I'm dealing with the results of some VCF files generated with exactSNP over BAM files made with subjunc aligner (all installed from Rsubread package) from a RNA-Seq project (made with HiSeq/TruSeq/mRNA only). Phred scores are the default (phred+33). The score scale of the FASTQ was detected as Sanger/Illumina-1.8.
Now, I want keep only the high quality variants with at least 2 supporting reads. I've tried this two filtering expressions:
vcf <- vcf[which(vcf@fixed$QUAL > 22 & !(vcf@info$SR %in% c(NA, '1'))), ]
And:
vcf <- vcf[which(vcf@fixed$QUAL > 22 & !(vcf@info$MM %in% c(NA, '1'))), ]
The first one simply get rid of all variants (empty CollapsedVCF as result). The second returns about 5% of the variants in the original file (which seems reasonable to me).
Can someone explain the difference between these two results? A suggestion on how to filter VCFs generated with subjunc/exactSNP is much welcome too.
My parameters were based on guidelines used by GATK pipelines. They suggest at least 2 supporting reads to call a SNPs as a good candidate. Your parameters work fine. But, as we are using these results for clinical investigation, a more stringent criteria seems appropriate. About indels, I'm treating the file generated by subjunc with this expression:
Why is SR field coded as char instead of int?
Thanks for pointing this out. We will change the 'SR' field to Integer type.
For your indel filtering, you should not use the 'QUAL' and 'DP' fields. See my explanation above.

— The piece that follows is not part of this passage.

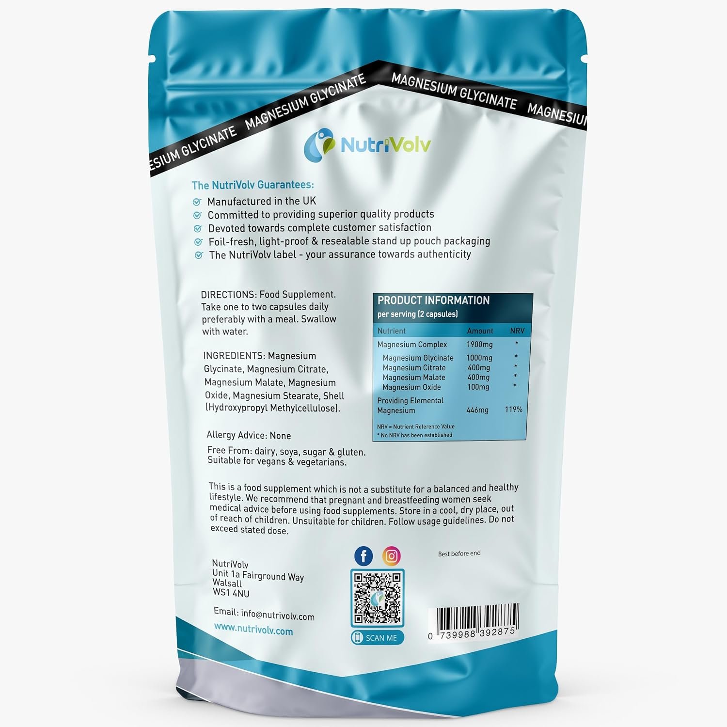 100% VEGAN – We like to be inclusive here at NutriVolv which is why our Magnesium Complex is Vegan Friendly, Gluten-free, Dairy-free, Cruelty-free, Soy-free and sugar free. We fully understand the importance of providing supplements that caters to everyone’s needs where possible, are sourced & produced ethically and most importantly at an affordable price.

For indels, I'm using the subjunc-generated indels file. The QUAL field there has other scale (I'm not sure exactly which scale, though). As we already had some independent clinical/laboratorial results, I've calibrated the parameters based on those previous findings. The expected indels were there. With SR > 2 those findings are filtered out. About SNPs, with QUAL > 20 and DP > 5 I've got pretty reasonable results. I confess I'm very satisfied with Rsubread/subread.